:: GIVEN INFORMATION

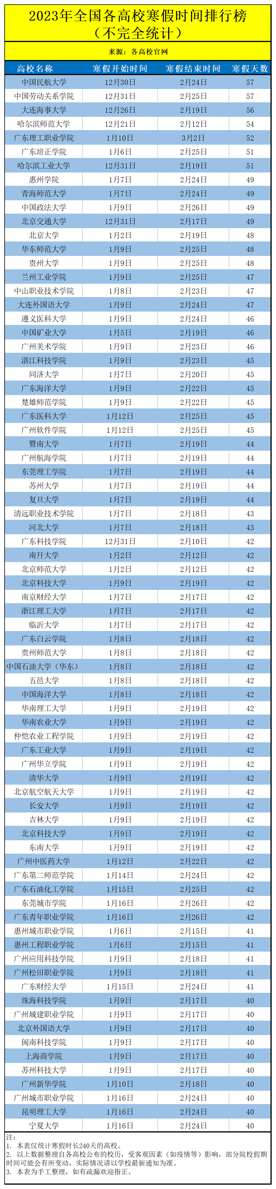 统计发现,有多所高校如哈尔滨师范大学、北方工业大学、大连海事大学、中国民航大学、广东科技学院等高校12月下旬就开始放寒假。
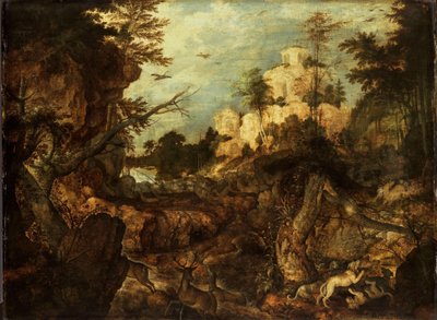 Wilde zwijnenjacht in een rotsachtig landschap(Wild boar hunt in a rocky landscape)Roelant Savery(painter) |
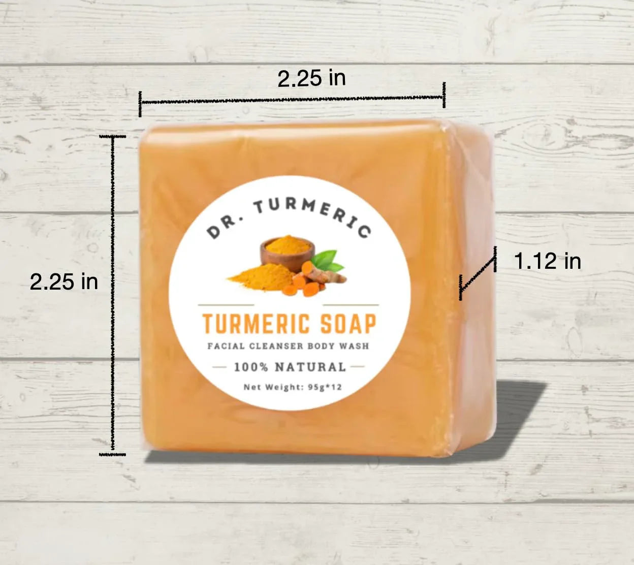 Dr. Turmeric Soap Bar is a face and body cleanser that harnesses the power of turmeric to deeply cleanse and even skin tone. Infused with Vitamin C, Aloe, and Glycerin, this soap moisturizes while providing a refreshing scent for radiant skin. This 3-count pack of soap bars will invigorate your daily cleansing routine.
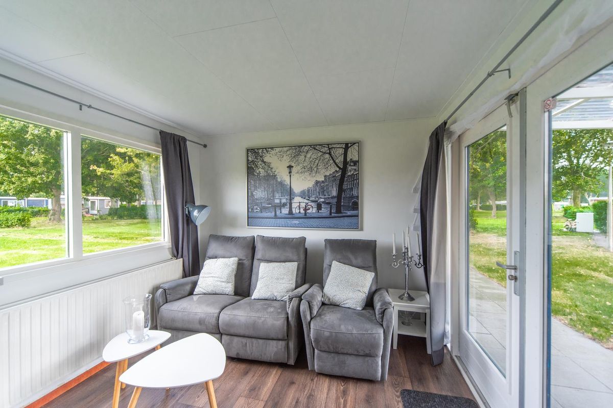 De huidige bewoners laten het chalet zoals gezegd volledig gemeubileerd achter, dus ook het recent gekochte bankstel en de stoel die beide voorzien zijn van elektrisch ingebouwde voetensteun blijven net als de TV en sierhaard gewoon achter in de woonkamer die zeker voor een chalet, mooi van formaat is. De woonkamer heeft ook nog 2 openslaande deuren naar het overdekte zonneterras, waar u ook heerlijk kunt vertoeven aan de kunststof tuin set of languit onderuit kunt op de lounge set die aanwezig is.
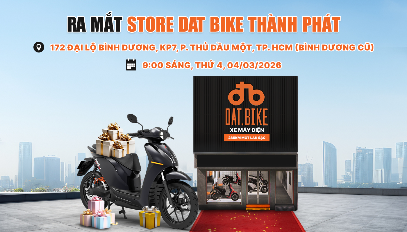 Dat Bike trân trọng mời Quý khách đến tham dự sự kiện khai trương vào lúc 9:00 sáng, Thứ 4 ngày 04/03/2026 tại Store Dat Bike Thành Phát – 172 Đại Lộ Bình Dương, Thủ Dầu Một.
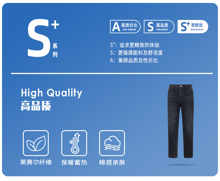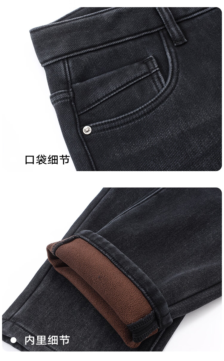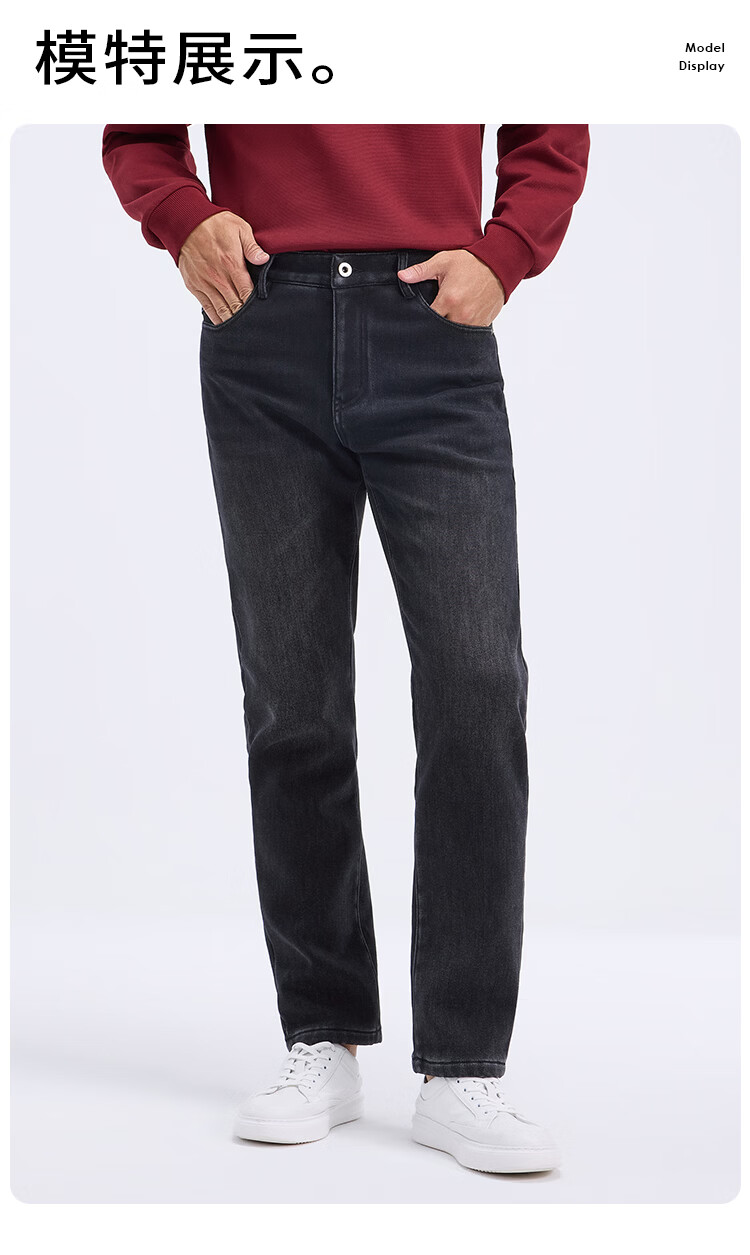 莱克斯顿牛仔裤男新款男装复绒内里莱赛尔纤维蓄热保暖休闲舒适直筒长裤 浅黑 28
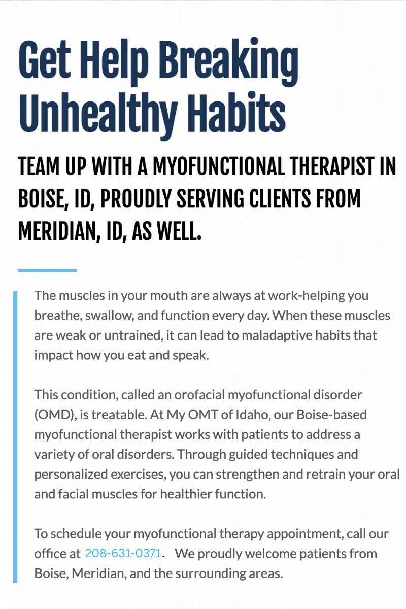 Call us today to get started on a long-term solution to your orofacial myofunctional disorder (OMD).
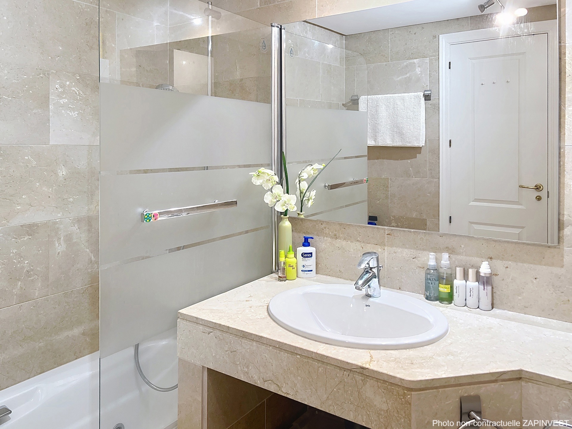 Les finitions sont de très bonne qualité, avec des matériaux nobles tels que le marbre beige.
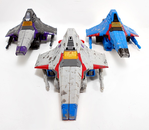 Skywarp adds the most color to the mix, making his deco a little atypical. His wing. Rather than being mostly black, it’s reserved for his wing area, with the snout of the jet being painted silver and the tip purple. You get more purple trim on the wings and around the sides near the yellow canopy, and more silver in the grills. It’s a striking deco that looks amazing, even if I’m used to seeing more black in my Skywarps. Like Thundercracker, SKywarp has a bunch of silver painted abrasions and wear, showing that he’s seen some action in his day.
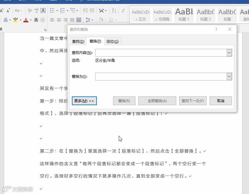 这样操作的含义是“每两个段落标记都会变成一个段落标记”,两个空行变一个空行。连续好多空行的情况下就多操作几次,直到全部变成一个空行。
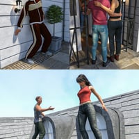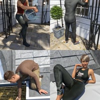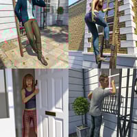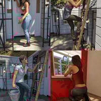 A set of 20 poses for Genesis 8 Male and Female for use with the London Courtyard scene. This set includes several detailed props of an extendable ladder, jointed bucket with morphable water, morphing sponge, wiper, canvas sheet and steel bucket hook. Optimised for DAZ Studio and Iray.
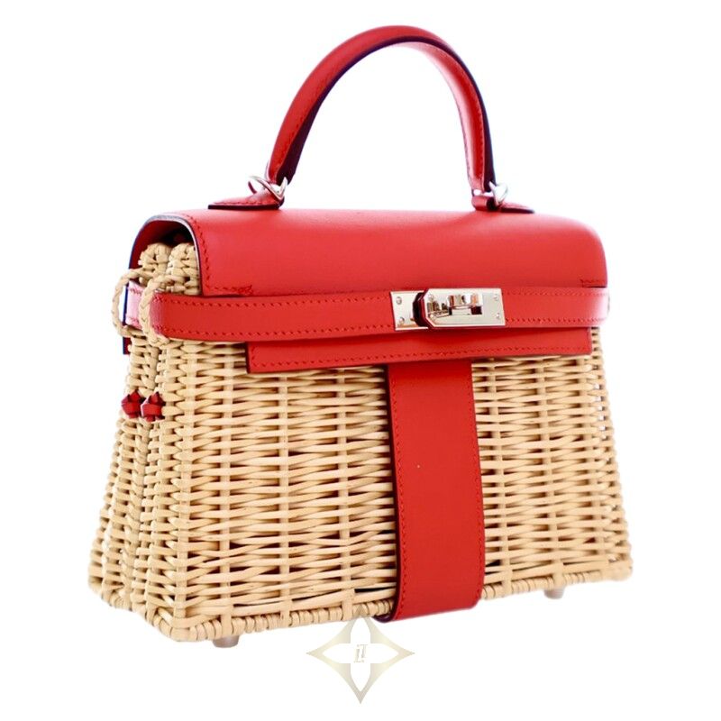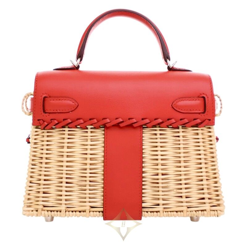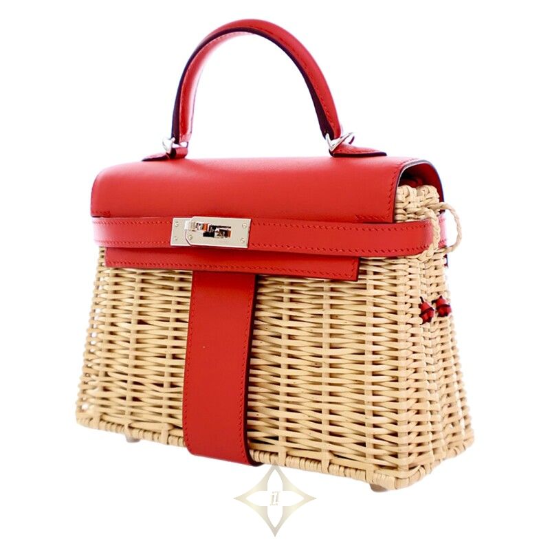 Hermès Limited Edition Rouge De Coeur Swift and Osier Wicker Picnic Kelly 20 Palladium Hardware, 2019

::::

[ACTIVITY]
Leave the pictures out and write out every entry exactly as given.

[RESPONSE AREA]
 统计发现,有多所高校如哈尔滨师范大学、北方工业大学、大连海事大学、中国民航大学、广东科技学院等高校12月下旬就开始放寒假。
 Wilde zwijnenjacht in een rotsachtig landschap(Wild boar hunt in a rocky landscape)Roelant Savery(painter) |
 Dr. Turmeric Soap Bar is a face and body cleanser that harnesses the power of turmeric to deeply cleanse and even skin tone. Infused with Vitamin C, Aloe, and Glycerin, this soap moisturizes while providing a refreshing scent for radiant skin. This 3-count pack of soap bars will invigorate your daily cleansing routine.
 De huidige bewoners laten het chalet zoals gezegd volledig gemeubileerd achter, dus ook het recent gekochte bankstel en de stoel die beide voorzien zijn van elektrisch ingebouwde voetensteun blijven net als de TV en sierhaard gewoon achter in de woonkamer die zeker voor een chalet, mooi van formaat is. De woonkamer heeft ook nog 2 openslaande deuren naar het overdekte zonneterras, waar u ook heerlijk kunt vertoeven aan de kunststof tuin set of languit onderuit kunt op de lounge set die aanwezig is.
 Dat Bike trân trọng mời Quý khách đến tham dự sự kiện khai trương vào lúc 9:00 sáng, Thứ 4 ngày 04/03/2026 tại Store Dat Bike Thành Phát – 172 Đại Lộ Bình Dương, Thủ Dầu Một.
 莱克斯顿牛仔裤男新款男装复绒内里莱赛尔纤维蓄热保暖休闲舒适直筒长裤 浅黑 28
 Call us today to get started on a long-term solution to your orofacial myofunctional disorder (OMD).
 Les finitions sont de très bonne qualité, avec des matériaux nobles tels que le marbre beige.
 Skywarp adds the most color to the mix, making his deco a little atypical. His wing. Rather than being mostly black, it’s reserved for his wing area, with the snout of the jet being painted silver and the tip purple. You get more purple trim on the wings and around the sides near the yellow canopy, and more silver in the grills. It’s a striking deco that looks amazing, even if I’m used to seeing more black in my Skywarps. Like Thundercracker, SKywarp has a bunch of silver painted abrasions and wear, showing that he’s seen some action in his day.
 这样操作的含义是“每两个段落标记都会变成一个段落标记”,两个空行变一个空行。连续好多空行的情况下就多操作几次,直到全部变成一个空行。
 A set of 20 poses for Genesis 8 Male and Female for use with the London Courtyard scene. This set includes several detailed props of an extendable ladder, jointed bucket with morphable water, morphing sponge, wiper, canvas sheet and steel bucket hook. Optimised for DAZ Studio and Iray.
 Hermès Limited Edition Rouge De Coeur Swift and Osier Wicker Picnic Kelly 20 Palladium Hardware, 2019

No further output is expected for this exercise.